Starting an innovative study on a young generation in Switzerland

NCCR LIVES researchers will analyze the life course of a few thousand people born between 1976 and 1996. Part of the sample will consist of young who have done their schooling in Switzerland and whose parents are from south-eastern Europe. A method of data collection not yet widespread in Switzerland will be tested.

From spring 2012, biographical questionnaires will begin to circulate in the three Swiss national languages to people between 15 and 35. The goal is to better understand the trajectories of young people today, and especially children of the second generation of immigrants. To create this sample, researchers at the National center for competence in research (NCCR) LIVES will resort to the network of the respondents in order to identify new people to interview.

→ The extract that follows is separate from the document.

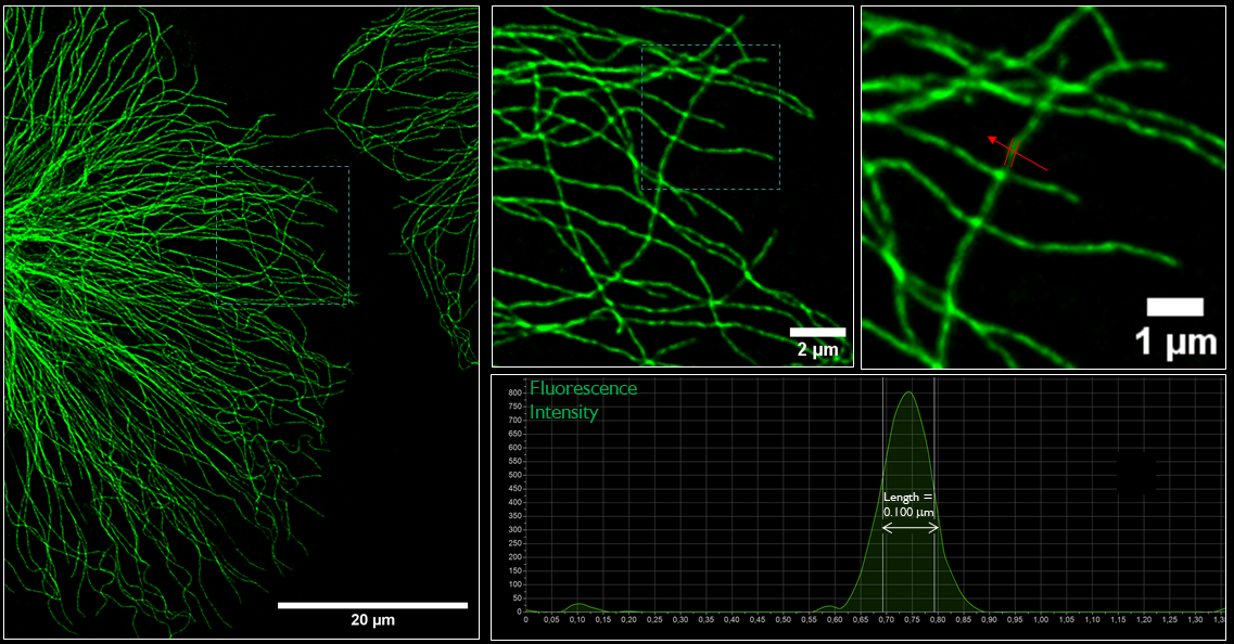 HeLa cells with Oregon Green™ 488 stained tubulin. Two progressive zooms of the area of interest (dotted box) are shown in the upper right boxes. The intensity profile obtained on the tubulin filament under the red arrow is depicted in the graph. 100x Oil, NA 1.45.

A new method of data collection though the participants’ network

This study is a complement to data from the Swiss Household Panel (SHP). The latter, launched in 1999, is led by the Swiss Centre of Expertise in the Social Sciences FORS, with whom LIVES works. For the first time, the attention will be focused on young people, initially with particular interest for those whose parents are of Albanian culture, an important community in Switzerland but whose place in the Swiss society has been little investigated to date.

"For the pilot phase of this investigation, we will test a method commonly used in the United States and Canada, but new in Switzerland. When we take a random sample of residents, ethnic minorities are underrepresented. Instead, we will start with 20 people and ask them to give us details of their social network, to form a group of 600 people by repeating this process several times”, says prof. Dario Spini, director of the NCCR LIVES.

The data collection will continue in 2013, extending to nearly 2000 young people across Switzerland and from all origins. The NCCR LIVES commissioned the survey institute M.I.S. Trend to conduct the interviews. To preserve confidentiality, the answers will be anonymous: the researchers only have access to data with no name, no address and no exact date of birth.

Crucial data for the future

The researchers are studying several aspects of the trajectories of respondents: places of residence, types of cohabitation, relationships, family, work, schooling, health. As in all LIVES projects based on a longitudinal study of the life course, key events, the break points and factors related to the possible development of a vulnerability and resources to overcome it will be studied. A series of qualitative interviews will also be conducted by LIVES researchers to investigate further certain trajectories.